There's a way to kill climate change for good: recycle the carbon dioxide in the air and then reuse it instead of adding more.
With the rising amount of carbon dioxide emissions in the atmosphere, this is progress that's worth developing. However, for a long time, the technology for this type of operation has been far too expensive. Scientists in a new study found a way to keep costs down and achieve the same goals in the future.
The study, published in the journal Joule, explains how carbon dioxide can be pulled from the air and then turned into fuel. With this groundbreaking method, the transportation industry's carbon footprint can significantly drop without disrupting existing vehicles today.
Carbon Dioxide Extraction
Carbon dioxide can be sucked from the air by giant fans with an aqueous solution.
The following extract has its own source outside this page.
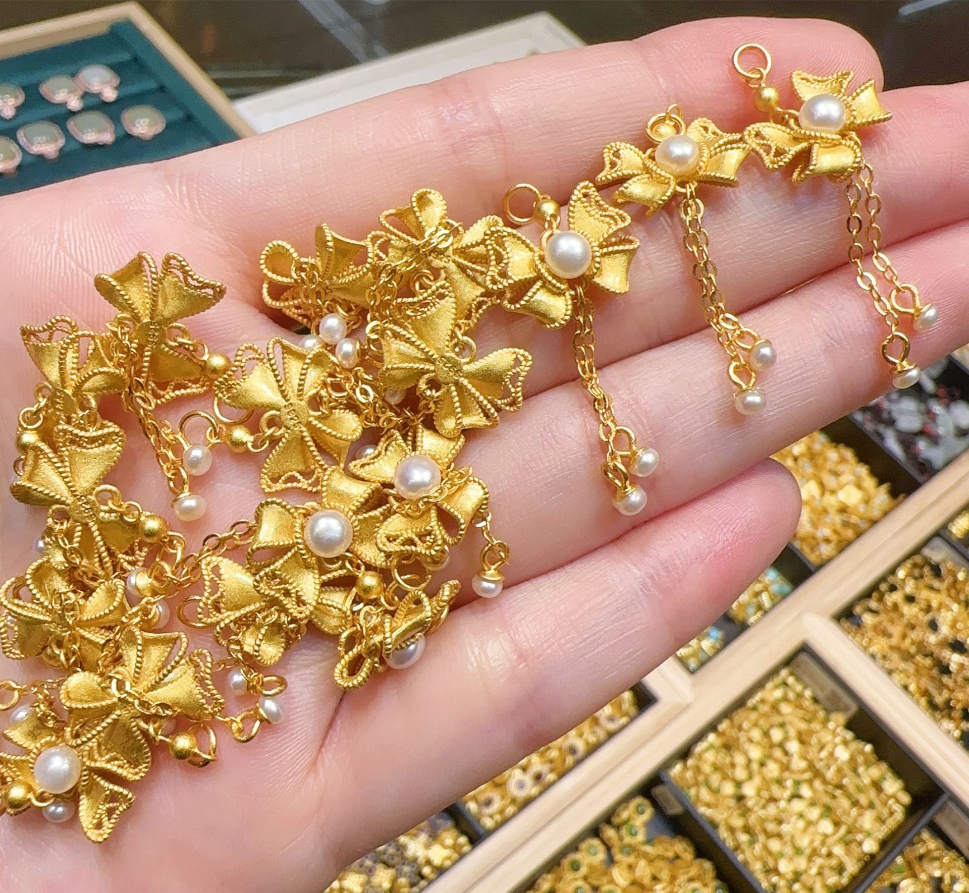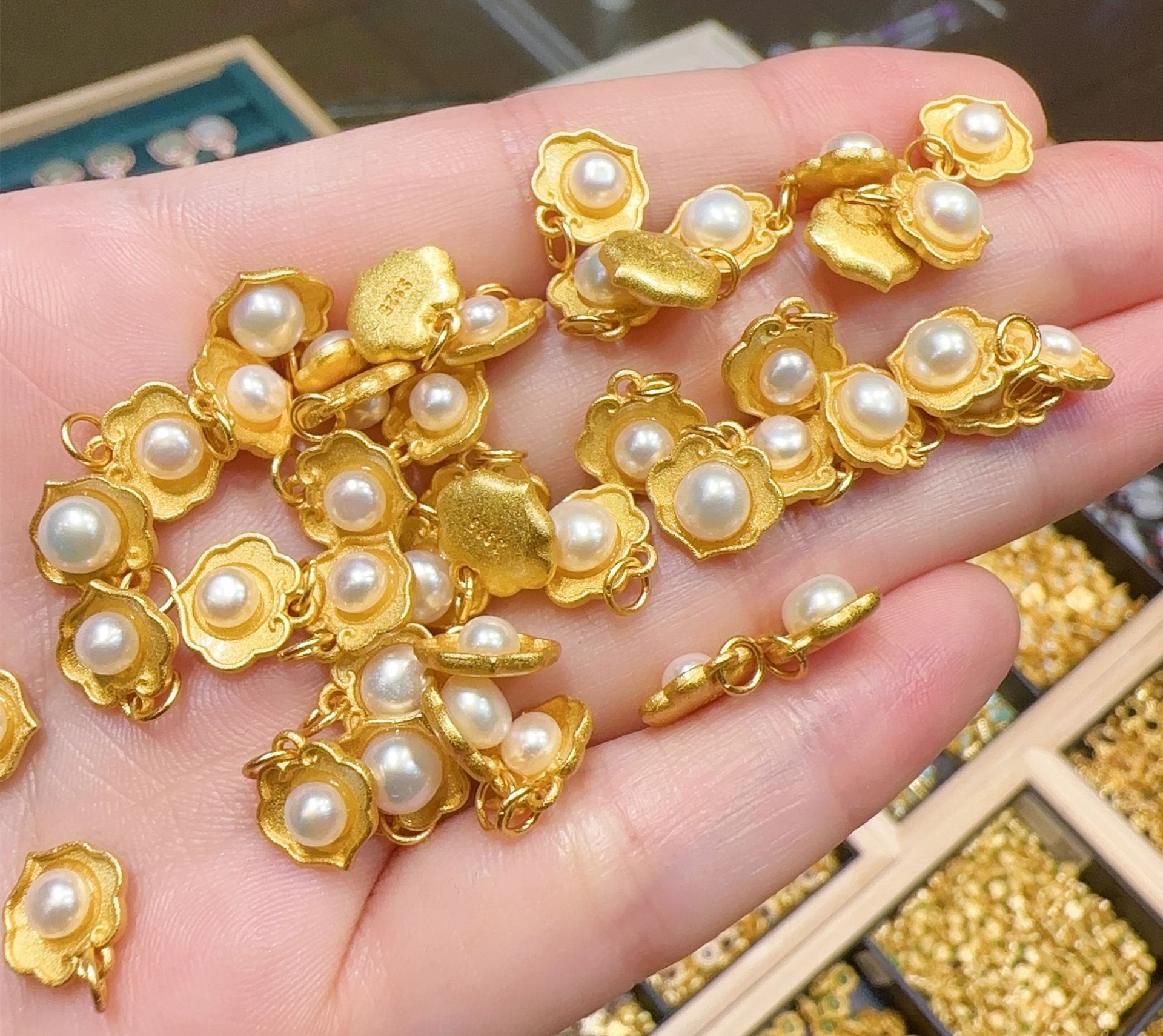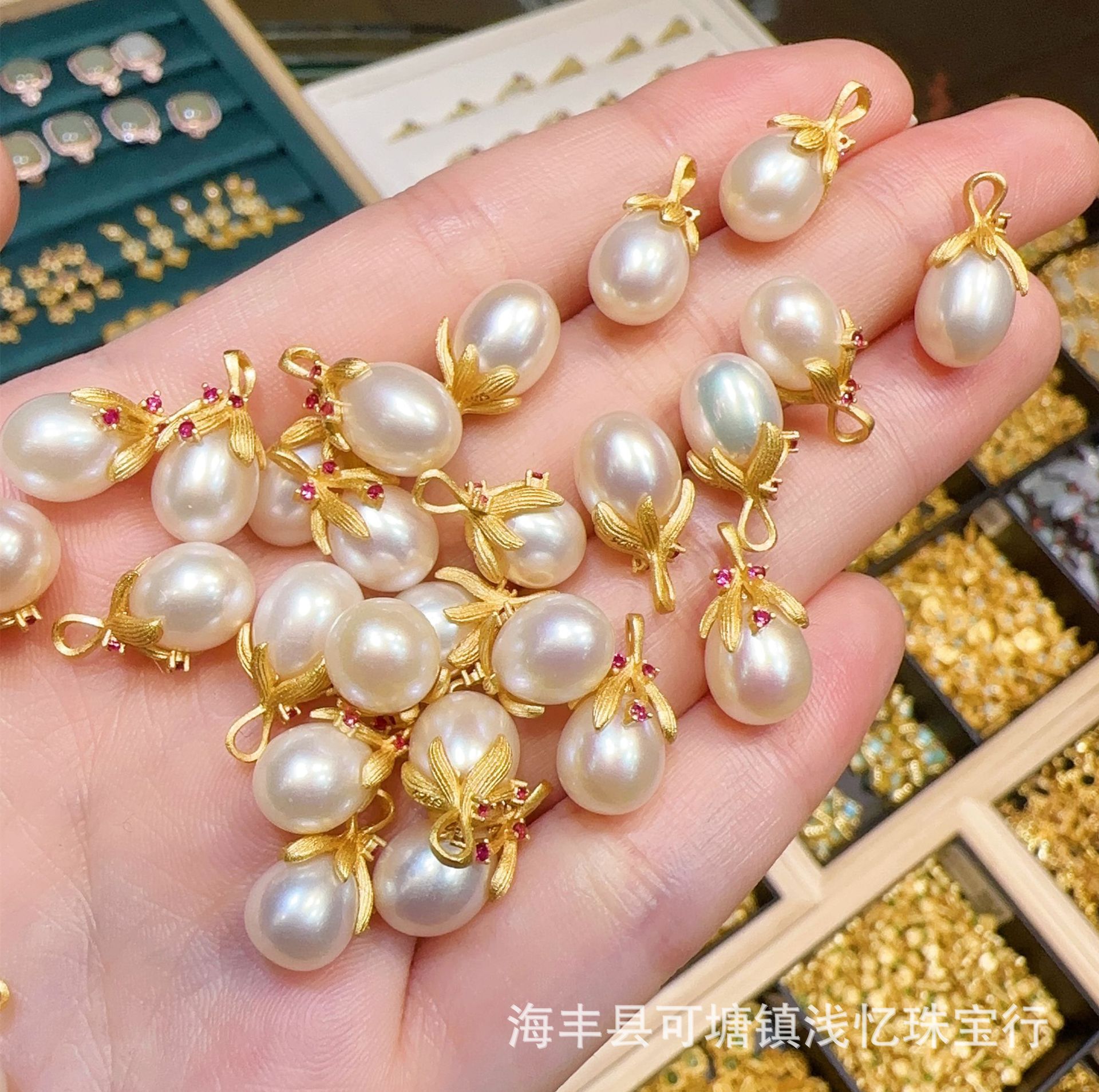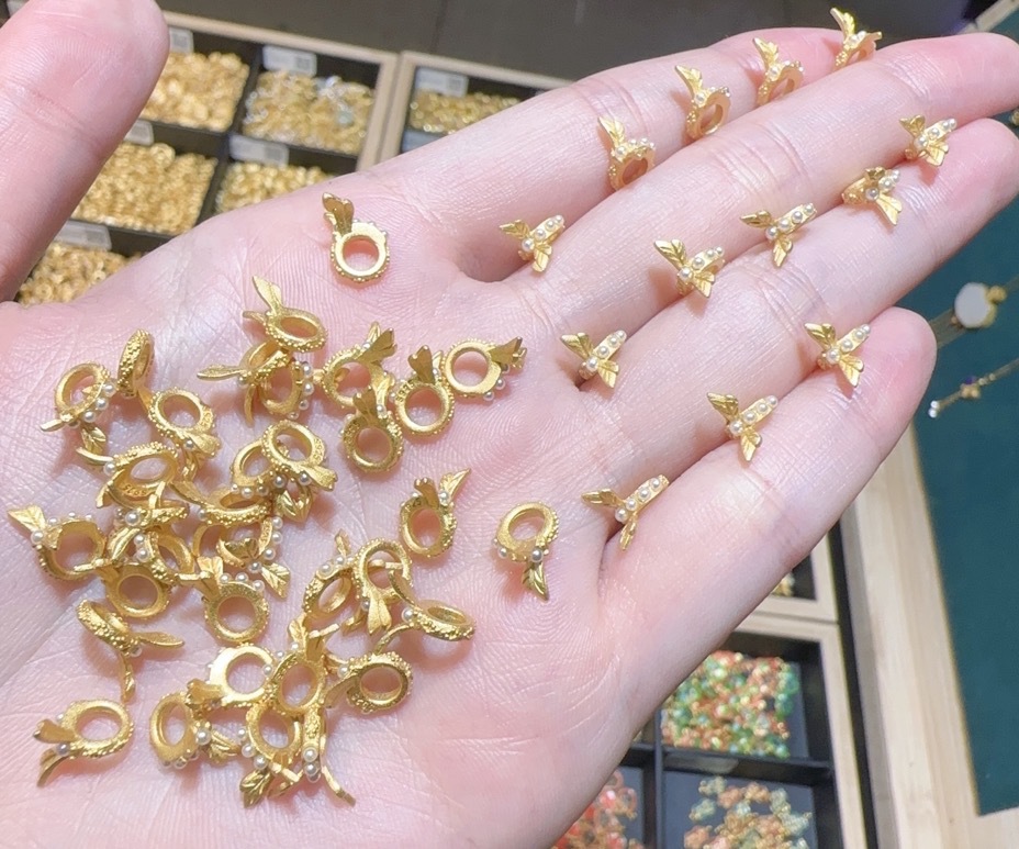 S925銀金メッキ真珠diy飾り花びら蝶ネクタイ如意走環隔珠滴真珠手串部品

Then it's prepped for other uses by heating and other chemical reactions.
"The carbon dioxide generated via direct air capture can be combined with sequestration for carbon removal, or it can enable the production of carbon-neutral hydrocarbons, which is a way to take low-cost carbon-free power sources like solar or wind and channel them into fuels that can be used to decarbonize the transportation sector," David Keith, lead study author and professor from Harvard University, explains in a statement.
Keith is also the founder of the company Carbon Engineering, which is a Canada-based enterprise for clean fuels and CO2 capture. Carbon Engineering's British Columbia facility is already implementing CO2 capture as well as fuel generation.
A Price Point For Larger Scale Operations
Air capture technology has been around for a while, but it was originally wildly expensive, theoretically costing up to $1,000 for every ton of captured CO2. In the new study, Keith's team estimates the process to be just $94 to $232 per ton.
This is cheap enough for the technology to be operated for transportation, which accounts for about 20 percent of carbon emissions in the entire world.
What makes the technology promising is also the virtually unlimited amount of carbon dioxide that can keep the transportation industry running. After all, humans have been causing emissions for centuries, and it's unlikely that it will ever run out, according to Steve Oldham, Carbon Engineering CEO.
The company is equipped to manufacture a lot of fuel: 2,000 or so barrels every day, which adds up to more than 30 million gallons every year in different plants.
Keith says that Carbon Engineering is confident that even if their direct air capture tech is not just a cheap, magical solution, it can be "a viable and buildable technology for producing carbon-neutral fuels in the immediate future and for removing carbon in the long run."